When: 10 p.m. Saturday

Where: hi-dive, 7 S. Broadway, Denver, 303-733-0230

Cost: $6

More info: hi-dive.com

D enver five-piece Varlet (pronounced phonetically, in English) sound like a conglomeration of psych, folk and pop rock, with 1940s vocals and an activist streak. That's exactly how the music gets made. Ahead of the band's show at the hi-dive this Saturday, we talked to frontwoman Lilly Scott about her many influences and the band's next record.

First, the origins of your name -- it's Shakespearean, isn't it?

Oh yeah, I'm actually a huge Shakespeare nut and it's actually from the play King Lear and it means a knave or scoundrel. It's a cool name that I like a lot and, also, it's definitely easier to understand and pronounce when you realize it's not French.

Do you get other inspiration from Shakespeare?

Definitely. I do kind of admire his comedic, dreamy and also depressing ways that he writes his plays. So yeah, I draw most of my inspiration for the band from music, but definitely Shakespeare.

What kind of music?

I definitely adore Billie Holiday and '40s music, like Andrews Sisters and Doris Day. I'm really infatuated with Harry Nilsson, like everyone else in the band, and Tom Waits.

I also noticed you've listed an interest on Facebook as "questioning the fuck out of authority."

I'm a huge animal rights activist and mega-feminist, so that all goes hand-in-hand with questioning authority.

Does that come out in your music?

Definitely. A lot of my lyrical inspirations are of things that can't seem to be solved in life, like the strife of animals and people's liberation.

Do you think people notice that? Do they approach you to talk about it?

I have received feedback from fans saying that it does sound original, maybe they can't place what the song is about per se. But the new record is very outspoken and blunt, for sure, and I like it. That's how I like to roll.
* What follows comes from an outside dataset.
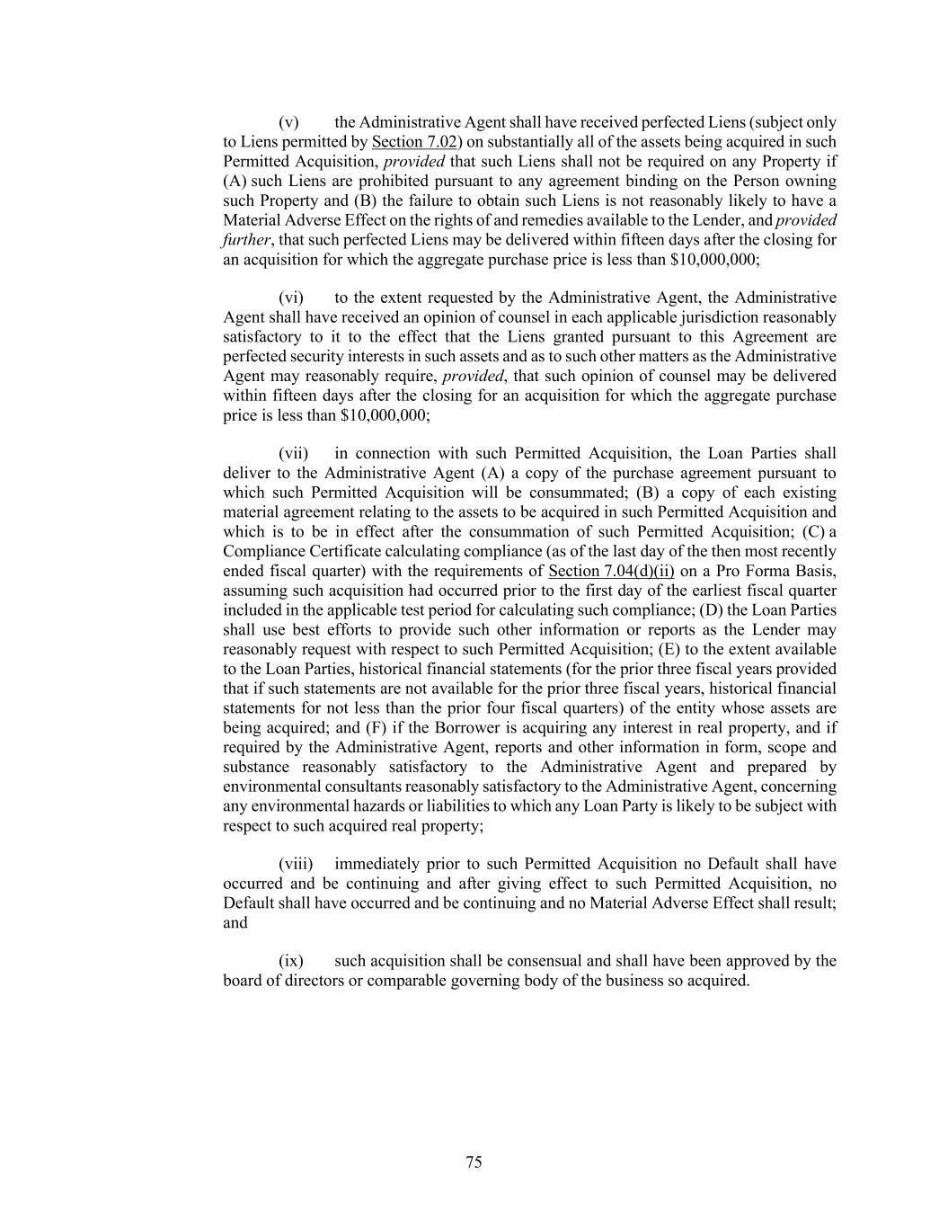 75 (v) the Administrative Agent shall have received perfected Liens (subject only to Liens permitted by Section 7.02) on substantially all of the assets being acquired in such Permitted Acquisition, provided that such Liens shall not be required on any Property if (A) such Liens are prohibited pursuant to any agreement binding on the Person owning such Property and (B) the failure to obtain such Liens is not reasonably likely to have a Material Adverse Effect on the rights of and remedies available to the Lender, and provided further, that such perfected Liens may be delivered within fifteen days after the closing for an acquisition for which the aggregate purchase price is less than $10,000,000; (vi) to the extent requested by the Administrative Agent, the Administrative Agent shall have received an opinion of counsel in each applicable jurisdiction reasonably satisfactory to it to the effect that the Liens granted pursuant to this Agreement are perfected security interests in such assets and as to such other matters as the Administrative Agent may reasonably require, provided, that such opinion of counsel may be delivered within fifteen days after the closing for an acquisition for which the aggregate purchase price is less than $10,000,000; (vii) in connection with such Permitted Acquisition, the Loan Parties shall deliver to the Administrative Agent (A) a copy of the purchase agreement pursuant to which such Permitted Acquisition will be consummated; (B) a copy of each existing material agreement relating to the assets to be acquired in such Permitted Acquisition and which is to be in effect after the consummation of such Permitted Acquisition; (C) a Compliance Certificate calculating compliance (as of the last day of the then most recently ended fiscal quarter) with the requirements of Section 7.04(d)(ii) on a Pro Forma Basis, assuming such acquisition had occurred prior to the first day of the earliest fiscal quarter included in the applicable test period for calculating such compliance; (D) the Loan Parties shall use best efforts to provide such other information or reports as the Lender may reasonably request with respect to such Permitted Acquisition; (E) to the extent available to the Loan Parties, historical financial statements (for the prior three fiscal years provided that if such statements are not available for the prior three fiscal years, historical financial statements for not less than the prior four fiscal quarters) of the entity whose assets are being acquired; and (F) if the Borrower is acquiring any interest in real property, and if required by the Administrative Agent, reports and other information in form, scope and substance reasonably satisfactory to the Administrative Agent and prepared by environmental consultants reasonably satisfactory to the Administrative Agent, concerning any environmental hazards or liabilities to which any Loan Party is likely to be subject with respect to such acquired real property; (viii) immediately prior to such Permitted Acquisition no Default shall have occurred and be continuing and after giving effect to such Permitted Acquisition, no Default shall have occurred and be continuing and no Material Adverse Effect shall result; and (ix) such acquisition shall be consensual and shall have been approved by the board of directors or comparable governing body of the business so acquired.

So you're working on a new record?

We're done recording. We did the entire record in 10 days in the Hideaway Studios, and that was really rad. We're basically just waiting on the mixing process. James Barone, who's the drummer for Tennis, is mixing the album and he's busy with stuff with Tennis. We'll postpone on the release 'til early August. Other than that, it's all done.

How did it go?

It was awesome. We had the chance to use a lot of vintage equipment up there. The whole studio is analog, so it's staying with our lo-fi sound we had on the Drifter EP. So that's cool. It was an awesome experience to be able to do it all at once instead of trying to schedule each of us to do individual tracking here and there, which is hard for a five-piece band with jobs. It was awesome to do it together ... It's about as collaborative as it can get. The record is half and half songs that I wrote the lyrics to, and our drummer Will Duncan wrote lyrics to the other half. I have kind of a psychedelic, Broadcast, weird vibe to my songs, and his are kind of '70s pop, Elton John, so we have this Lennon/McCartney situation going on with the new record. Hence, why we're waiting on James to mix it because he really has our sound down.